Gimme all the details….
Sejumlah kelompok masyarakat adat di Merauke sekarang lagi marah banget sama pembangunan food estate ini, guys. Karena ya itu tadi, program ini nggak ada bagus-bagusnya buat mereka. Jangankan minta izin, ngomong permisi pun nggak. Tau-tau udah adaa aja aparat militer datang yang kabarnya hanya membantu buka lahan. Padahal, hutan yang dibuka itu tuh masuk ke wilayah adat, guys. Tempat mereka menggantungkan hidupnya lah di situ. sekarang digusur.
…..
Perwakilan masyarakat adat setempat, bahkan bilang, “Ini bukan proyek kemanusiaan untuk kesejahteraan dan kemakmuran masyarakat luas. Yang lu pikirin cuma duit, duit, dan duit. Terus caranya juga nggak ada sopan-sopannya. Ngerusak lingkungan pula,” gitu lah kira-kira. In that sense, food estate ini disebut melanggar hak masyarakat adat untuk hidup, berkembang, dan hak atas pangan, gizi, dan lingkungan yang baik dan sehat. Makaya, segenap masyarakat adat di Merauke menyatakan menolak pembangunan Food Estate di Merauke.
And here we go with the plot twist…
A good plot twist sih. Jadi, di tengah kondisi huru-hara food estate yang lagi berkembang di Merauke, dari bulan lalu, salah satu wilayah di Merauke tuh udah diakui sebagai Wilayah Adat, guys. Yep, everybody meet: Wilayah Adat Suku Yei, letaknya di sebelah Barat Sungai Flay, persis berbatasan banget sama Papua Nugini. 24 September lalu, Bupati Merauke Romanus Mbaraka menandatangani SK Pengakuan, Perlindungan, dan Penghormatan Masyarakat Adat dan Peta Wilayah Adat Suku Yei, gengs. Meaning, dengan peta wilayah ini, diharapkan segala masalah related to investasi (kayak food estate begini) ya bisa ketemu solusinya. Terus, supaya kebijakan yang diambil juga bisa lebih pro sama rakyat lah, karena udah ada hitam di atas putih kan. We’ll see gimana kelanjutan nasib food estate di Merauke yah.

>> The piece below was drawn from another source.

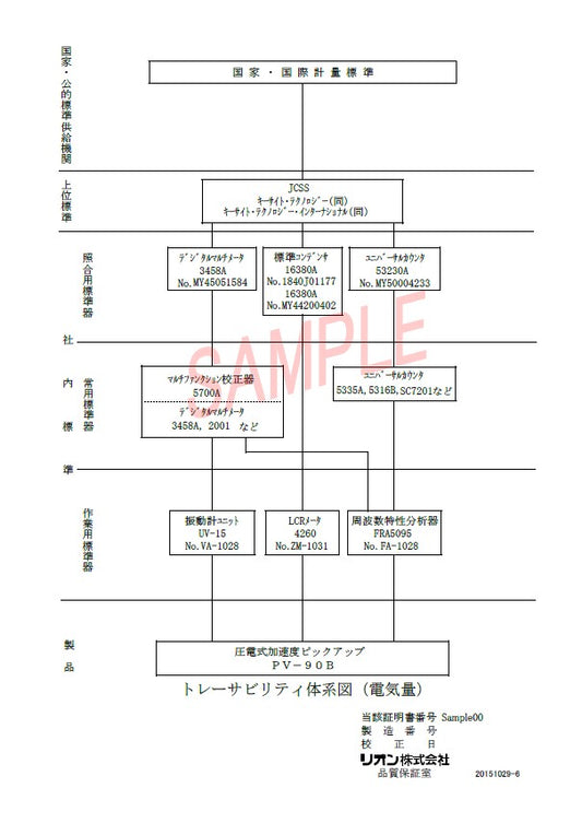 ・校正証明書 … この文書は、当社が製品の校正に使用した標準器が、国家の基準や世界の基準に沿った公的機関による上位の標準に基づいている(トレーサビリティがある)こと、そしてその標準器を使って、当社独自の校正基準に従い校正作業を実施したことを公式に表明する内容です。

Got it. Anything else I should know?
Well well well, dari tadi ngomongin food estate, kamu pasti tahu salah satu concern-nya di sini adalah: food estate tuh rawan gagal gara-gara nggak berdasarkan data yang sesuai, guys. Makanya, menyikapi hal ini, Pengamat Pertanian, Pak Khudori menilai kalau mau food estate ini bener, ya datanya juga kudu bener. Karakteristik lahan kayak apa, jenis tanahnya apa, ngerawatnya harus gimana, dll. Jangan asumsi-asumsi doang lah. Dan again, perhatiin juga masyarakat adat setempat. Ok?